They did it because it was the most strategic and compassionate thing to do. The custodians of Sydney Cove understood responsibility, ownership, and the sanctity of knowledge more than any settler, convict, or soldier that day ever could. Because the men, women, and children on those boats would have died of disease and malnutrition if they were denied entry. Because it is easier to combat a foe if you meet them head on. Because you can’t know for sure that someone is a threat from afar.

I know it is a fictional text, based on the past and never claiming to be an historical account, but The Visitors throws the stories of history into sharp relief. I came into that theatre thinking about the Voice, mulling over the shame of it all, and I walked away understanding that the referendum was only another failure on the part of White Australia. White folks in this country have caused harm once again, as we have done in a hundred sickening ways for 200 years, all while the traditional custodians of this land have continued to lead, teach, and live. Because they believe in compassion in a way that White Australia doesn’t.

That strength is inspiring.

The No voters on Facebook don’t inherently understand why you would choose to listen and learn instead of acting on gut instinct. As a society built on white supremacy, along with other devastating power structures, White Australia is convinced that our worldview is the only one of importance. It is the only one that should be considered when making choices for all of society, because this is the method by which all colonial violence has been enacted and been successful. White Australia will never, of its own accord, attempt to untangle the emotions of letting people in when you have so much to lose.

It seems so obvious. I’m certain that it is to others. But The Visitors conveys these ideas not through pointed political commentary but through the theatrical language of tragedy. It gave me space to reflect on where I sit in modern Australia. The monologue in my head as I drove home through the darkness that night was a different shape to the one I had been listening to since the 14th of October.
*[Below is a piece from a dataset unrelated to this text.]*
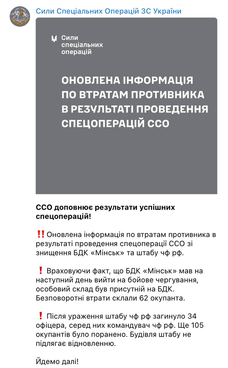 Як стверджують Сили спецоперацій України, всього загинуло 34 офіцери, поранено 105.

My family arrived on the First Fleet, and it is uncomfortable to recognise that I had not considered the landing of those ships to be an act of courageous charity on the part of those First Nations people. I would not be alive if it were not for that act of welcoming. And I am privileged to have grown up and lived on the lands of the Eora and Dharawal nations. To exist here, to enjoy the benefits of the waterways and plantlife and fauna and climate, is such a peaceful thing that it is easy to forget that it is a privilege. But my ancestors should not have stayed. We should not have come here.

It is now my job to atone for their wrongdoing. The White Australians who voted Yes must now help repair the damage caused by the ones who voted No. The Voice was struck down, but that does not give us permission to ignore. We can still listen. We must listen. I am not responsible for saving Indigenous Australia - but I am responsible for correcting the Silent Majority.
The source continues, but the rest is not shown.